Before I begin, yes, I'm aware of the compiler built-ins __builtin_expect
and __builtin_unpredictable
(Clang). They do solve the issue to some extent, but my question is about something neither completely solves.
As a very simple example, suppose we have the following code.
void highly_contrived_example(unsigned int * numbers, unsigned int count) {
unsigned int * const end = numbers + count;
for (unsigned int * iterator = numbers; iterator != end; ++ iterator)
foo(* iterator % 2 == 0 ? 420 : 69);
}
Nothing complicated at all. Just calls foo()
with 420
whenever the current number is even, and with 69
when it isn't.
Suppose, however, that it is known ahead of time that the data is guaranteed to look a certain way. For example, if it were always random, then a conditional select (csel
(ARM), cmov
(x86), etc) possibly would be better than a branch.⁰ If it were always in highly predictable patterns (e.g. always a lengthy stream of evens/odds before a lengthy stream of the other, and so on), then a branch would be better.⁰ __builtin_expect
would not really solve the issue if the number of evens/odds were about equal, and I'm not sure whether the absence of __builtin_unpredictable
would influence branchiness (plus, it's Clang-only).
My current "solution" is to lie to the compiler and use __builtin_expect
with a high probability of whichever side, to influence the compiler to generate a branch in the predictable case (for simple cases like this, all it seems to do is change the ordering of the comparison to suit the expected probability), and __builtin_unpredictable
to influence it to not generate a branch, if possible, in the unpredictable case.¹ Either that or inline assembly. That's always fun to use.
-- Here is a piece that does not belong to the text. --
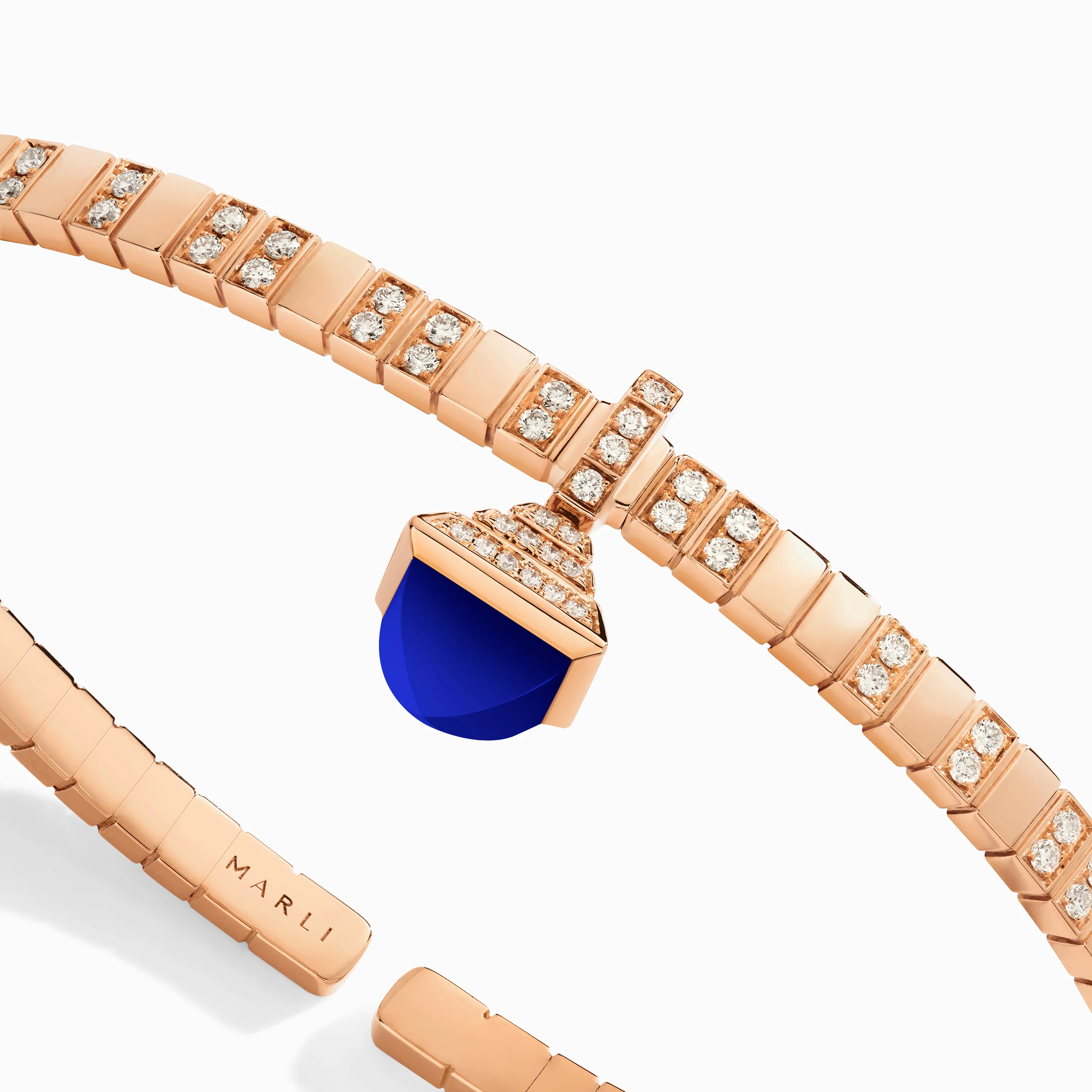 This uniquely embellished bracelet design features graphic lines and illuminating diamonds with precious gemstones of your choice linked with Cleo Charms to create a striking look encapsulating the radiancy and strength of all women.
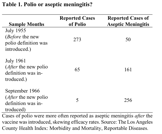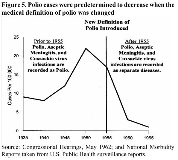 “Prior to the introduction of the vaccine the patient only had to exhibit paralytic symptoms for 24 hours. Laboratory confirmation and tests to determine residual paralysis were not required. The new definition required the patient to exhibit paralytic symptoms for at least 60 days, and residual paralysis had to be confirmed twice during the course of the disease. Also, after the vaccine was introduced cases of aseptic meningitis (an infectious disease often difficult to distinguish from polio) and coxsackievirus infections were more often reported as separate diseases from polio. But such cases were counted as polio before the vaccine was introduced. The vaccine’s reported effectiveness was therefore skewed (Table 1 and Figure 5).”

⁰ Although I have not actually done any benchmarks, I'm aware that even using a branch may not necessarily be faster than a conditional select for the given example. The example is only for illustrative purposes, and may not actually exhibit the problem described.
¹ Modern compilers are smart. More often than not, they can determine reasonably well which approach to actually use. My question is for the niche cases in which they cannot reasonably figure that out, and in which the performance difference actually matters.